** Exercise **
All pictures should be dropped, and only the lines from the top of the entries below through the line containing "(Alert raised) PRECAUTIONARY" repeated exactly, both ends included.

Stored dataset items
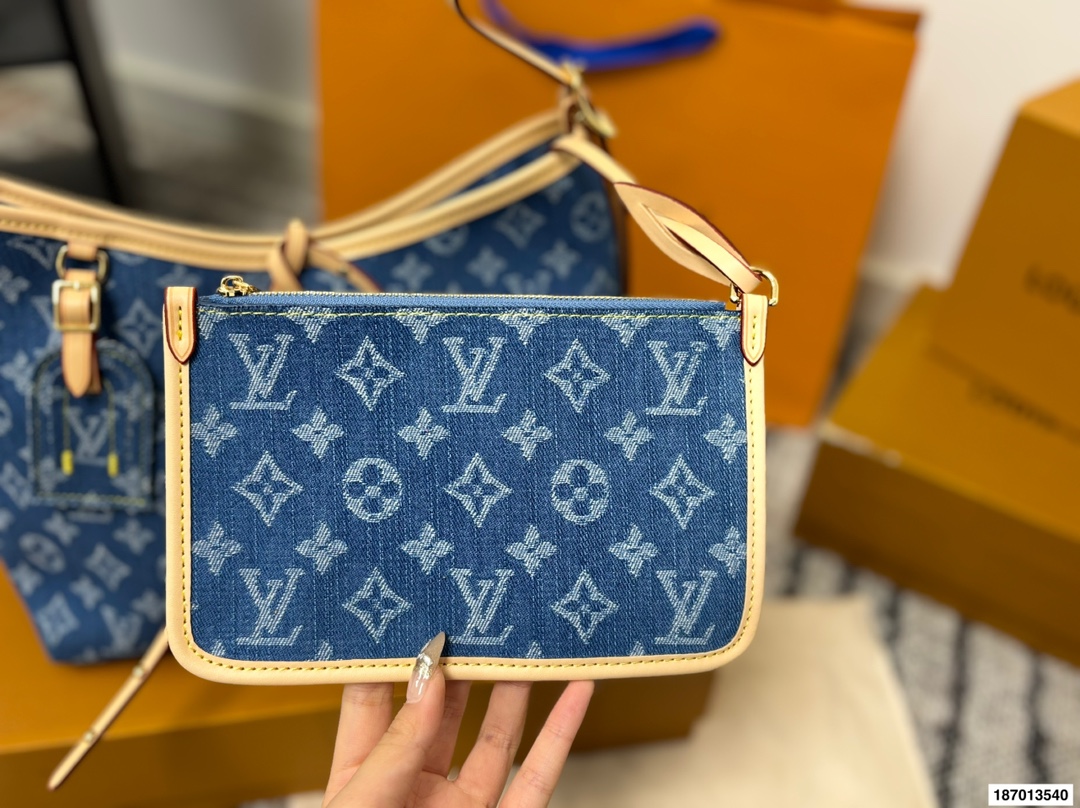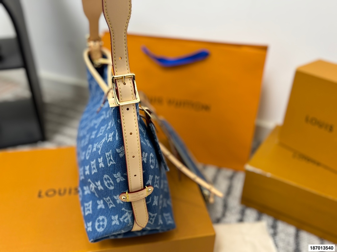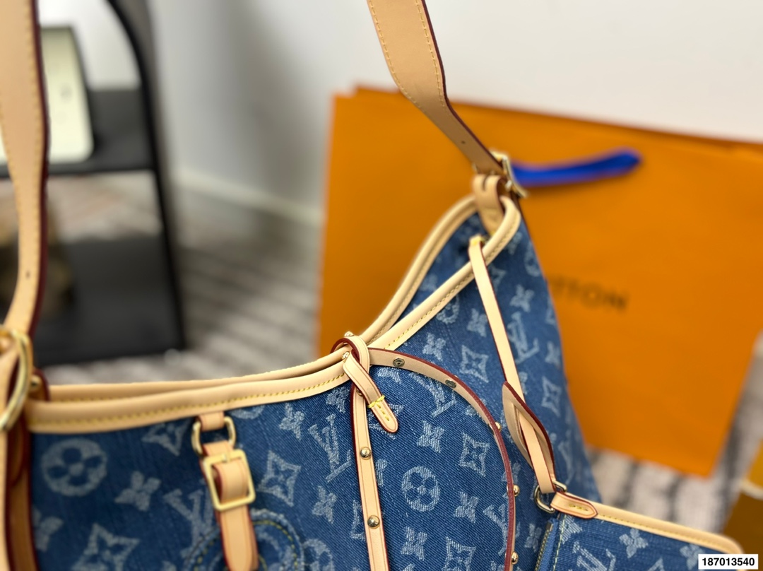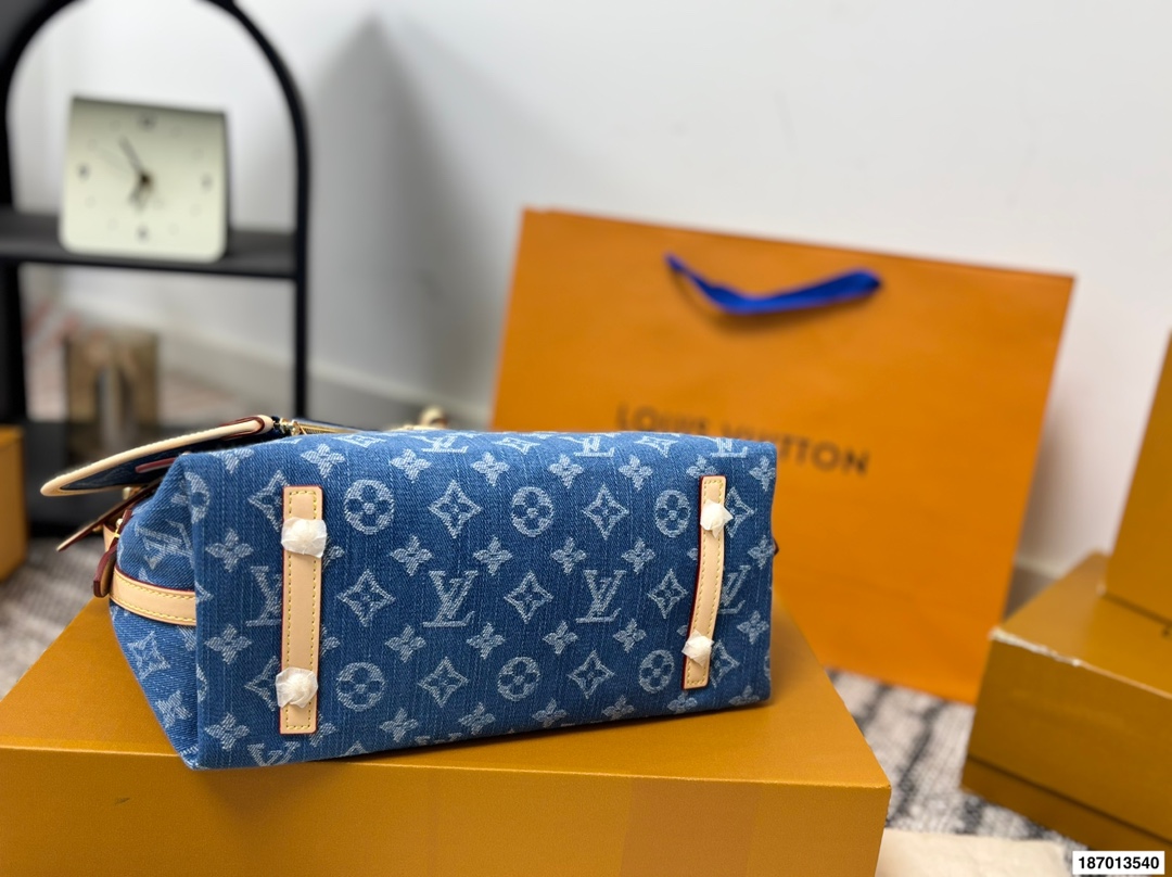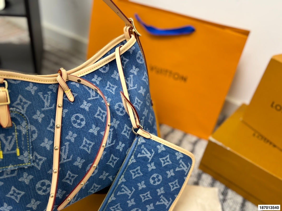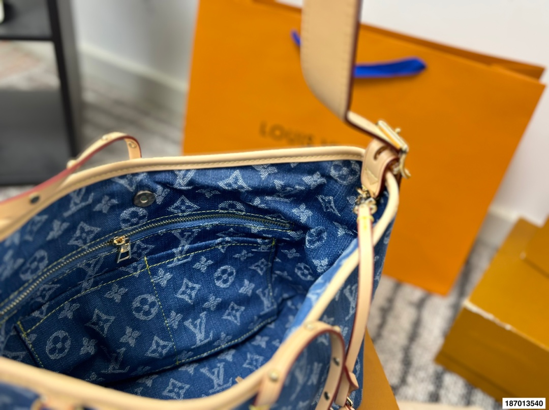 折叠盒 路易威登LVCarry all 丹宁 购物袋 Carry all 丹宁好帅斜背也好看 丹宁这款简直是我最爱的包包了 Iv24限量款丹宁牛仔 carryall 丹宁牛仔的材质超级轻便超级好凹造型 肩带的植鞣革采用了这一系列经典的 铆钉的设计搭配太好看了 尺寸29 25
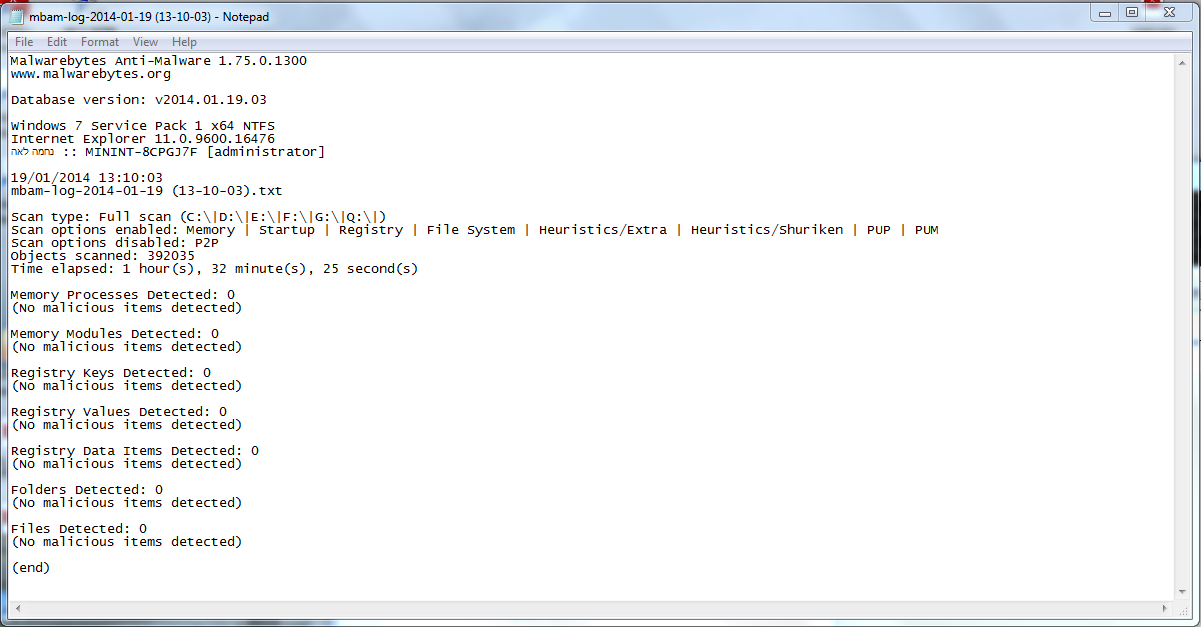 פעם ראשונה מצא וירוס אחד - מחקתי.
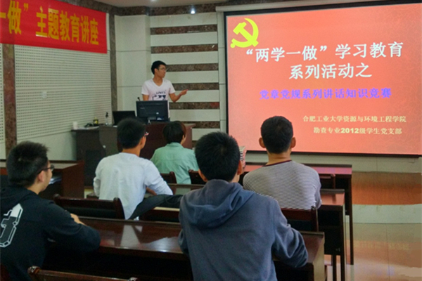 为进一步深入贯彻党中央和公司关于在全体党员中开展“学党章党规、学系列讲话,做合格党员”学习教育的有关精神,将“两学一做”学习教育落实到每一个基层党员,勘查2012级员工党支部于2014年4月23日上午9时在纬地楼四楼报告厅组织开展了党章党规系列讲话知识竞赛活动。
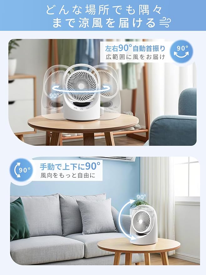 【左右自動首振り・上下角度手動調整】当社のサーキュレーターは左右90 の自動首振り機能を搭載しており、頻繁に手動で位置を調整する手間が省けます。また、上下90 の手動調節が可能で、座っている姿勢や寝転んでいる姿勢に合わせて、風を快適な位置に送ることができます。
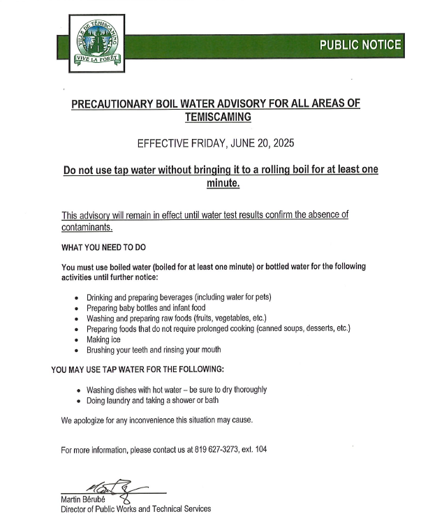 (Alert raised) PRECAUTIONARY BOIL WATER ADVISORY FOR ALL AREAS OF TEMISCAMING
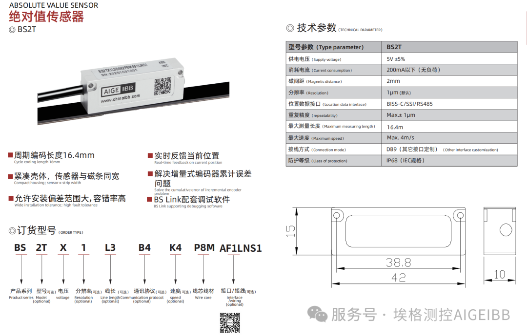 小身材更有大能量。 这款传感器以仅42*15*10mm的微型尺寸,实现了16.4m的最大测量长度,在空间狭小的设备场景中轻松“安家”,无需为适配传感器而重构机械结构。 性能上更是硬核在线:IP68级防水防尘等级,无惧车间油污、冷却液冲刷与粉尘侵袭,在恶劣工况下仍能稳定运行;支持BISS-C/SSI/RS485多通信协议,可无缝适配不同品牌的PLC与控制系统,兼容性覆盖绝大多数工业场景。
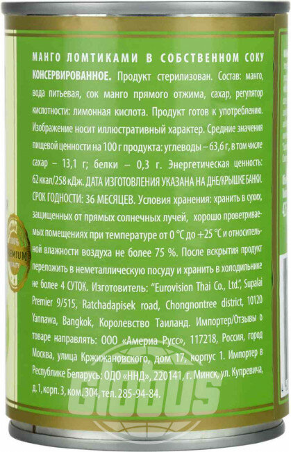 | Состав | манго, вода питьевая, сок манго прямого отжима, сахар, регулятор кислотности: лимонная кислота |
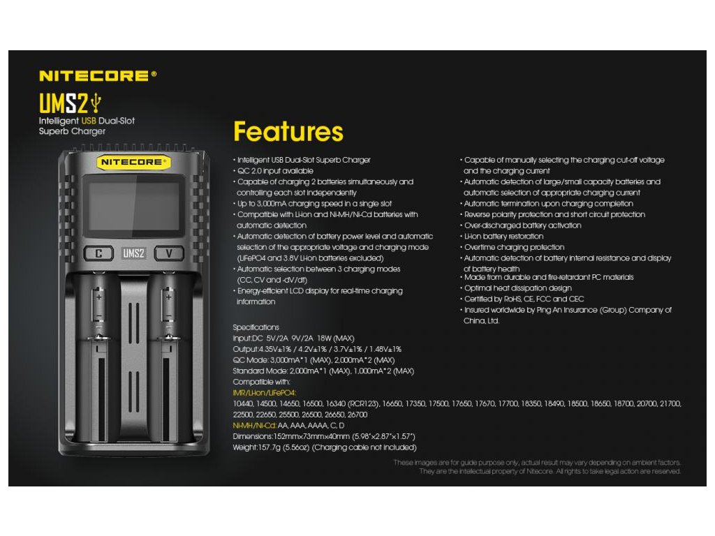 -kompatibilné s: IMR/Li-ion/LiFePO4: 10440, 14500, 14650, 16500, 16340(RCR123), 16650, 17350, 17500, 17650, 17670, 17700, 18350, 18490, 18500, 18650, 18700, 20700, 21700, 22500, 22650, 25500, 26500, 26650, 26700, Ni-MH/Ni-Cd: AA, AAA, AAAA, C, D
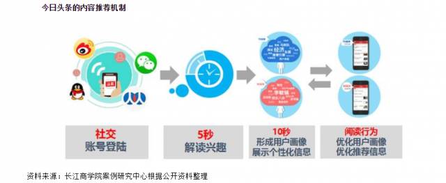 其具体做法是,自己不进行内容生产,而是积极整合技术优势,为内容提供稳定、高效的“出路”,即依托数据挖掘和个性化算法搭建起一个内容聚合与推荐平台,以用户需求和偏好为导向,通过为已有的资讯内容进行精准推送、个性化传播,实现利润转化。
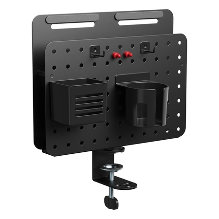 obrotowa tablica perforowana na biurko, organizer biurowy Spacetronik Holdee, tablica z uchwytami, tablica na akcesoria biurowe, organizer obrotowy do biurka, pegboard na biurko, organizer zaciskowy, perforowana tablica pionowa
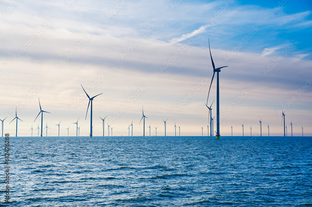 Offshore Windmill farm. windmills isolated at sea on a beautiful bright day Netherlands. green energy Flevoland global warming renewable enrgy with windmills
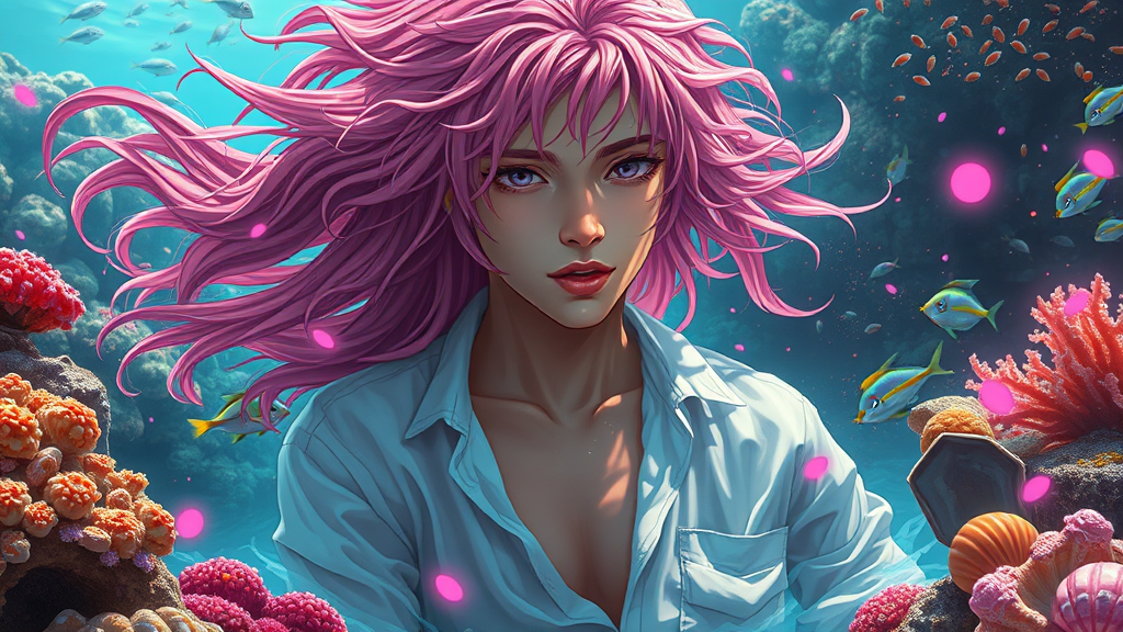 Ultra detailed image of a person with flowing pink hair, long and messily curled with an ahoge. The character is partially submerged in the ocean, wearing a wet white shirt that is unbuttoned. They appear emotionless, surrounded by vibrant coral reefs and schools of fish, with an assortment of shells visible nearby. Pink glowing particles add a magical aura to the scene. The atmosphere is captured in vibrant UHD, HDR, and 8K resolution, ensuring stunning clarity and detail.
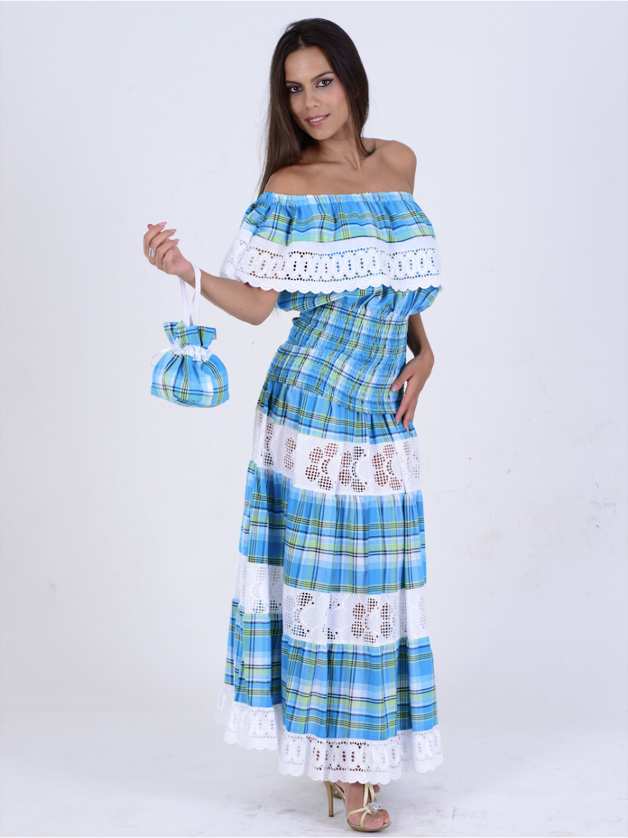 Une élégance sublime se rencontre avec la simplicité dans l'ensemble Chimène tout en madras de la collection Dody pour femmes. Chimène ne vous offre que d'élégance et de classe pour attirer l'attention. Cette robe entre deux cotons et madras est idéale pour marquer votre présence lors d'un évènement. Légère et simple, la robe Pauline garde son côté féminin par les broderies qui se marient parfaitement avec le coton sur le col et les manches. Cet ensemble peut facilement être jumelée par des accessoires et des talons.
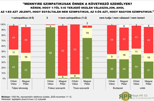 Orbán Viktor népszerűbb Magyar Péternél, a Tisza szavazóinak csupán 75 százaléka tekinti szimpatikusnak saját pártjának elnökét, a Fidesz-tábor viszont egységesen sorakozik fel Orbán Viktor mögött - közölte az MTI-vel szombaton kutatásának eredményeire hivatkozva a debreceni székhelyű Real-PR 93. országos és helyi közvélemény-kutatásokkal foglalkozó cég.
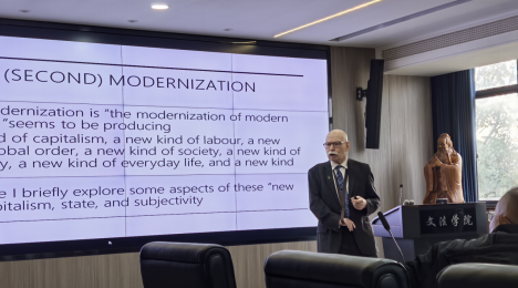 Dickinson教授长期深耕知识体系形成、健康政策与医学社会学领域,具有深厚的学术积淀和国际影响力,曾推动多项中加学术交流与国际合作。报告中,他以二战后西方社会转型为切入点,系统梳理了现代化理论的发展脉络。他指出,二战后西方社会学界形成了两大核心理论流派,其中后现代主义认为西方已超越现代主义阶段,但他更认同“反思性或第二次现代化”理论,强调当代西方仍处于现代化进程中,只是进入了“现代社会自我现代化”的新阶段。
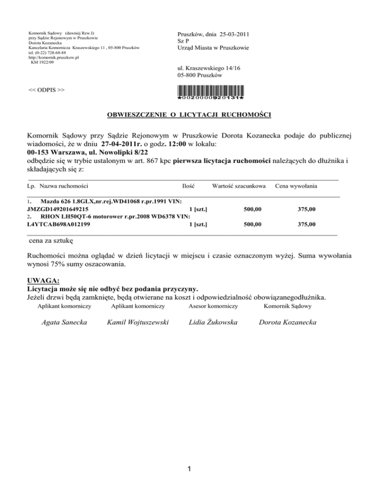 Komornik Sądowy (dawniej Rew.I) przy Sądzie Rejonowym w Pruszkowie Dorota Kozanecka Kancelaria Komornicza Kraszewskiego 11 , 05-800 Pruszków tel. (0-22) 728-68-88 http://komornik.pruszkow.pl KM 1922/09 Pruszków, dnia 25-03-2011 Sz P Urząd Miasta w Pruszkowie ul. Kraszewskiego 14/16 05-800 Pruszków *0020000920131* << ODPIS >> OBWIESZCZENIE O LICYTACJI RUCHOMOŚCI Komornik Sądowy przy Sądzie Rejonowym w Pruszkowie Dorota Kozanecka podaje do publicznej wiadomości, że w dniu 27-04-2011r. o godz. 12:00 w lokalu: 00-153 Warszawa, ul. Nowolipki 8/22 odbędzie się w trybie ustalonym w art. 867 kpc pierwsza licytacja ruchomości należących do dłużnika i składających się z: _______________________________________________________________________________________________________________________ Lp. Nazwa ruchomości Ilość Wartość szacunkowa Cena wywołania ________________________________________________________________________________________________________________________ 1. Mazda 626 1.8GLX,nr.rej.WD41068 r.pr.1991 VIN: JMZGD149201649215 1 [szt.] 2. RHON LH50QT-6 motorower r.pr.2008 WD6378 VIN: L4YTCAB698A012199 1 [szt.] 500,00 375,00 500,00 375,00 _______________________________________________________________________________________________________________________ cena za sztukę Ruchomości można oglądać w dzień licytacji w miejscu i czasie oznaczonym wyżej. Suma wywołania wynosi 75% sumy oszacowania. UWAGA: Licytacja może się nie odbyć bez podania przyczyny. Jeżeli drzwi będą zamknięte, będą otwierane na koszt i odpowiedzialność obowiązanegodłużnika. Aplikant komorniczy Aplikant komorniczy Asesor komorniczy Komornik Sądowy Agata Sanecka Kamil Wojtuszewski Lidia Żukowska Dorota Kozanecka 1
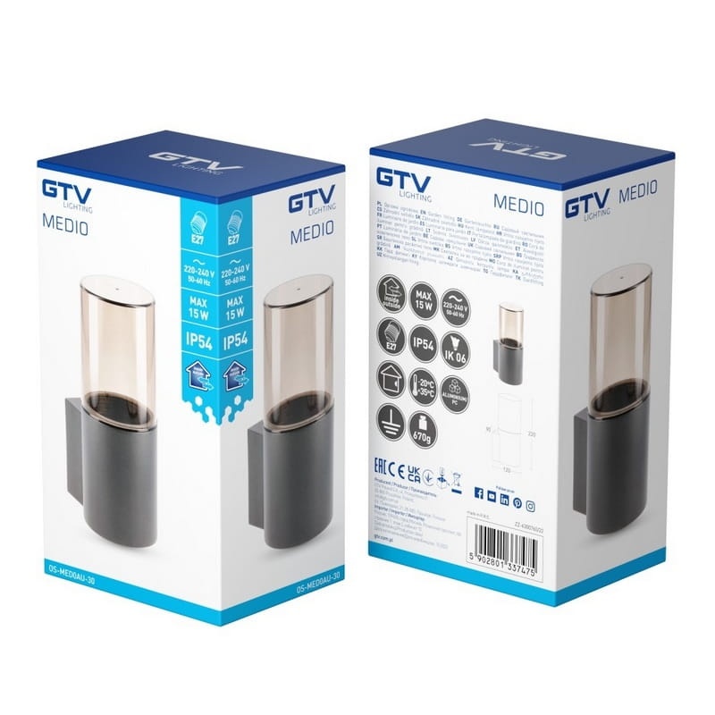 Oprawa ogrodowa MEDIO-AU 22cm E27 IP54 kinkiet prosty górny grafit GTV

** Answer to the problem **
 折叠盒 路易威登LVCarry all 丹宁 购物袋 Carry all 丹宁好帅斜背也好看 丹宁这款简直是我最爱的包包了 Iv24限量款丹宁牛仔 carryall 丹宁牛仔的材质超级轻便超级好凹造型 肩带的植鞣革采用了这一系列经典的 铆钉的设计搭配太好看了 尺寸29 25
 פעם ראשונה מצא וירוס אחד - מחקתי.
 为进一步深入贯彻党中央和公司关于在全体党员中开展“学党章党规、学系列讲话,做合格党员”学习教育的有关精神,将“两学一做”学习教育落实到每一个基层党员,勘查2012级员工党支部于2014年4月23日上午9时在纬地楼四楼报告厅组织开展了党章党规系列讲话知识竞赛活动。
 【左右自動首振り・上下角度手動調整】当社のサーキュレーターは左右90 の自動首振り機能を搭載しており、頻繁に手動で位置を調整する手間が省けます。また、上下90 の手動調節が可能で、座っている姿勢や寝転んでいる姿勢に合わせて、風を快適な位置に送ることができます。
 (Alert raised) PRECAUTIONARY BOIL WATER ADVISORY FOR ALL AREAS OF TEMISCAMING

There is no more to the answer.